Think of a quality inspector at a factory. Before any product ships, the inspector checks: Is the weight correct? Is the label right? Is the packaging sealed? Any defective item gets rejected before it reaches the customer.
Data validation is exactly that — but for your database. You are the quality inspector. The products are rows of data. And you are checking every piece before it "ships" to reports, dashboards, and downstream systems.
Without data validation, garbage enters your database silently. The UI might say "Saved successfully." But the database could have truncated names, wrong calculations, missing fields, or duplicate records. You will not know until a customer complains — or worse, until the auditor finds it.

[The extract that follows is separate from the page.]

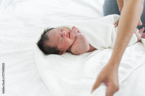 Asian Australian Newborn baby girl wrapping in white towel after bath with mother hands. 19 days infant crying lying on bed at home

| Validation Level | What You Check | Example |
|---|---|---|
| Field-Level | Individual column values — type, length, format | Is email in valid format? Is age between 18 and 120? |
| Record-Level | Cross-field rules within a single row | Is end_date after start_date? Does total = quantity * price? |
| Table-Level | Duplicates, completeness, referential integrity | Are there duplicate emails? Do all orders have a valid user_id? |
| Cross-System | Source vs target data, system A vs system B | Does the order count in the app DB match the warehouse DB? |
Data validation is not a one-time activity. Run your validation queries after every deployment, every data migration, every bulk import. Make it a habit like brushing your teeth.
Q: What is data validation in database testing?

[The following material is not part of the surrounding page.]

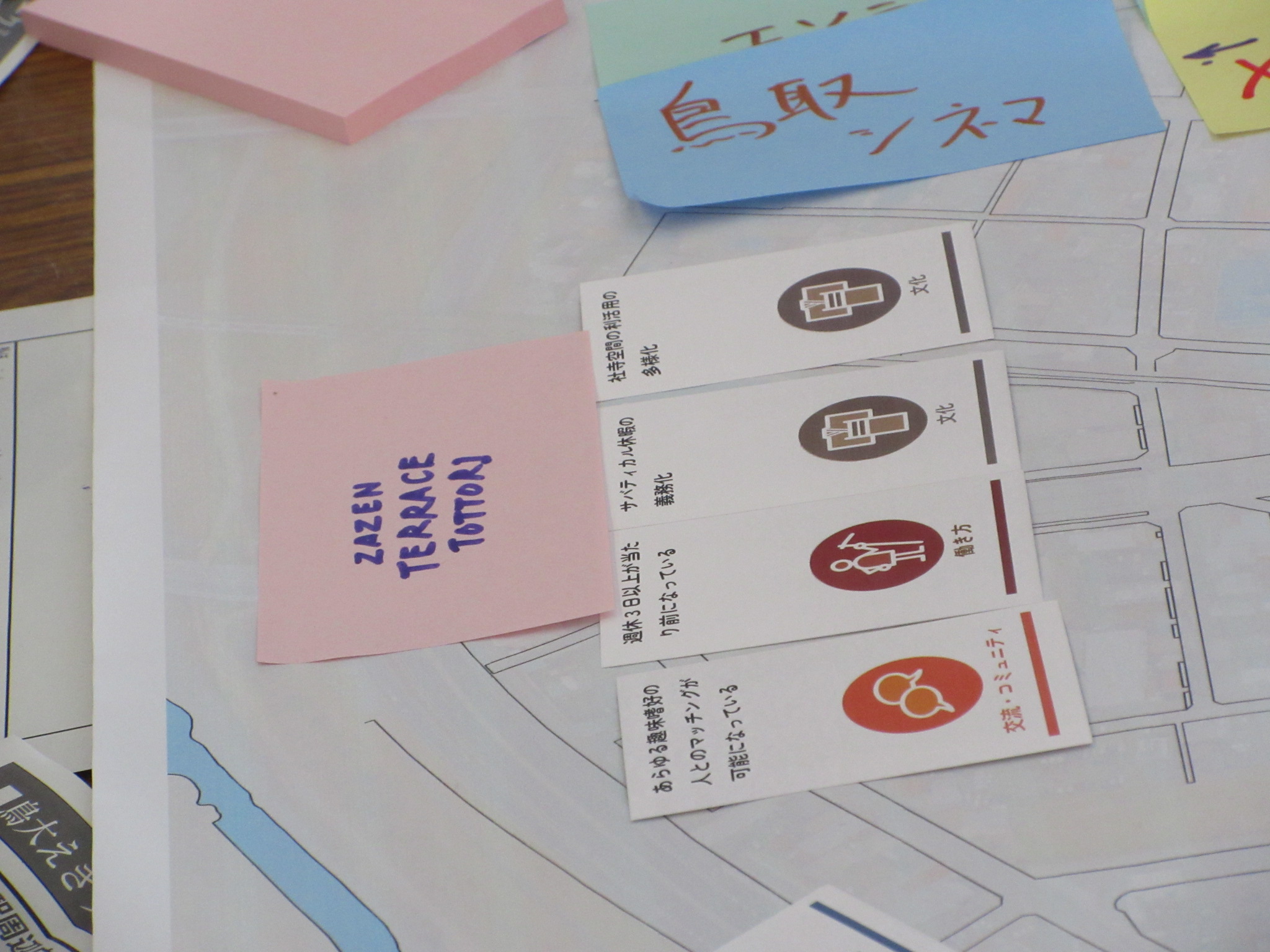 「商業施設が多くあったら、買い物もできるしバイト先も増えるので、駅周辺にもっと来ると思います」といった都市的な利便性に対する素直な意見がある一方、既存施設や特産品などを生かした”鳥取ならではの魅力を感じられるまち”にしていってはどうかという視点を持った発想やコメントも多くみられました。

A: Data validation is the process of verifying that data stored in the database is accurate, complete, consistent, and follows all defined business rules. It operates at multiple levels: field-level (checking individual column values for correct type, length, and format), record-level (verifying cross-field rules within a row), table-level (detecting duplicates, orphans, and missing data), and cross-system (comparing data between source and target systems). The goal is to catch data quality issues that are invisible in the UI.
Key Point: Data validation is quality inspection for your database — checking every piece of data against defined rules at field, record, table, and cross-system levels.